Сандро был, конечно, прав, потому что в отношениях с властью лучшая тактика — изображать простака. Не то чтобы цензура не могла разгадать эту любимую национальную хитрость, тем более что к ней прибегали отнюдь не только свободолюбивые литераторы. Но цензуре самой было выгодно тоже притворяться дурой и делать вид, что она не понимает дерзких выходок Эзопа.
Вот так в пьесе Евгения Шварца «Тень» начальник стражи переодевается в женское платье, чтобы подслушать мнения толпы о начальстве, но при этом хитроумно забывает сменить сапоги со шпорами.
«Я нарочно вышел в сапогах со шпорами… Пусть уж лучше узнают меня, а то наслушаешься такого, что потом три ночи не спишь… В сапогах куда спокойнее. Ходишь, позваниваешь шпорами — и слышишь кругом только то, что полагается».
Шедевр подобного обращения с запретным — рассказ Искандера с демонстративно безобидным названием «Летним днем» (1969). Вся его неспешная первая часть погружает читателя в курортную негу: солнце, море, мороженое, шампанское. Знакомый и любимый легкий, но витиеватый слог, полный точных милых и смешных подробностей вроде ныряющих за монетами мальчишек, надутого от важности пенсионера и послушно внимающую ему приезжую даму. Все это создает ощущение уютной нормы, на фоне которой медленно и уверенно разворачивается та экзистенциальная драма, ради которой и написан этот принципиально важный в каноне Искандера рассказ.
Как это водится в русской классике, автор доверяет повествование персонажу-рассказчику — не названному немцу-физику. На первый взгляд он неотличим от других иностранцев. Чтобы читать Достоевского в оригинале, выучил русский, но не до конца, потому что говорит с акцентом и не знает такого незатейливого слова, как «синяк».

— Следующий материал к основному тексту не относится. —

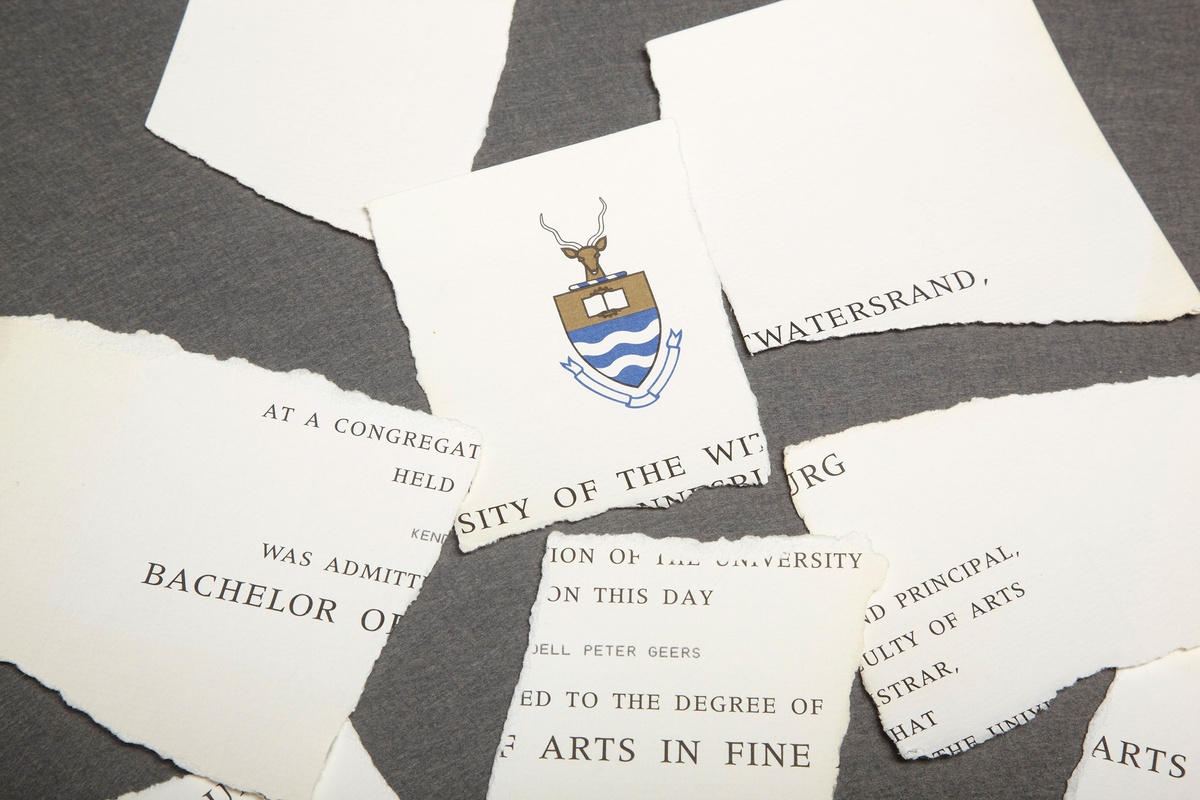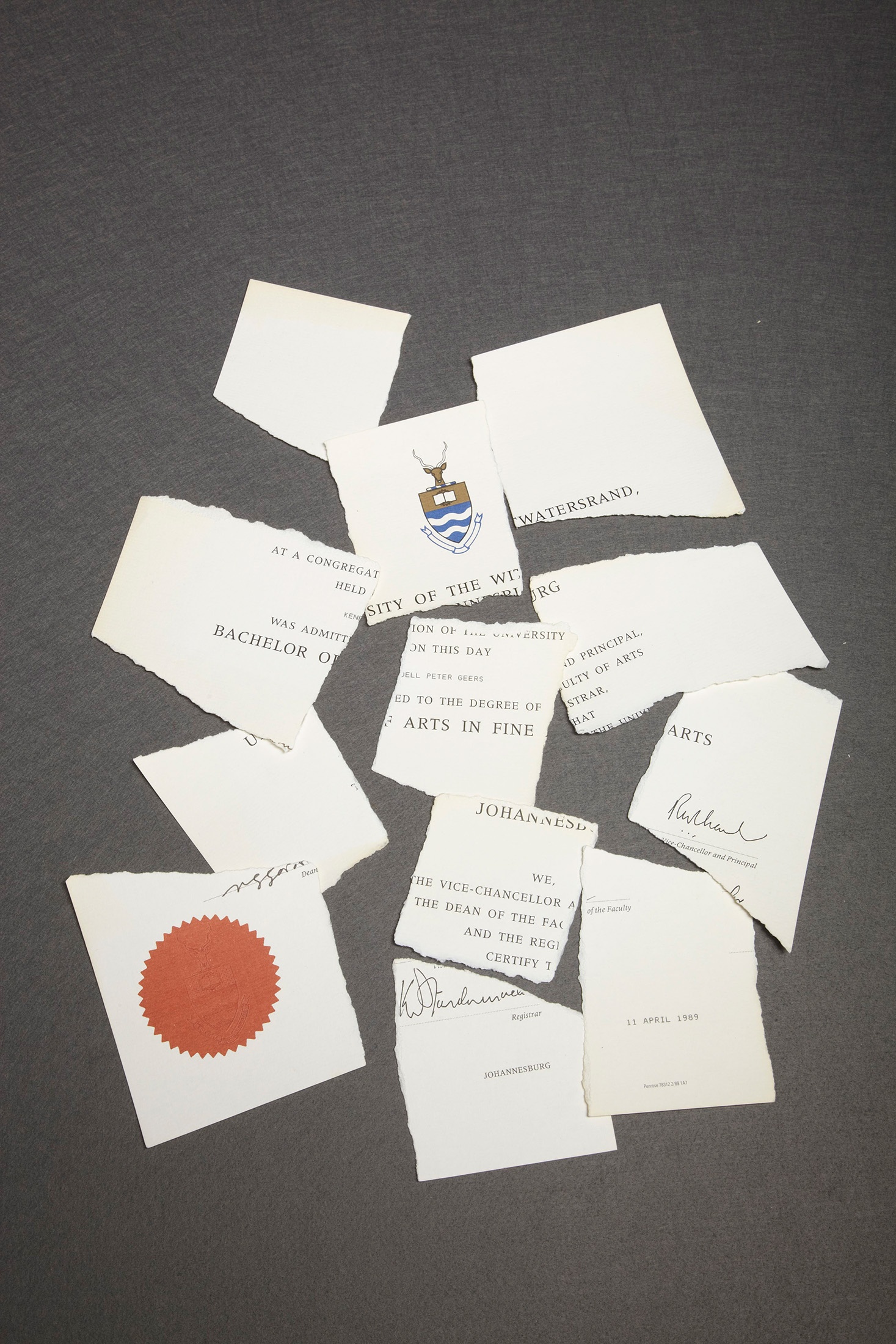 Artist Kendell Geers Title Title Withheld (Bachelor of Arts in Fine Arts) Date 1985–1988 Materials Torn diploma in 12 pieces Dimensions Dimensions variable Edition Signed verso and stamped Credit Courtesy of the artist

Однако в процессе разговора и он, и мы об этом забываем, ибо немец говорит по-русски все лучше и лучше, язык его точен, богат нюансами и передает сложнейшие оттенки.
Мне тут чудится влияние сцены из сенсационной в тот год новинки — «Мастера и Маргариты», где Воланд теряет немецкий акцент, с которым он говорил при первом знакомстве. При этом немец у Искандера тоже рассказывает дьявольски важные вещи.
4.
Собственно, с самого начала монолога мы понимаем, что его рассказ о жизни в фашистской Германии — не совсем о фашистской Германии, что гестапо не совсем гестапо и что переживание немецкого интеллигента чересчур знакомо, чтобы быть экзотическим и заграничным.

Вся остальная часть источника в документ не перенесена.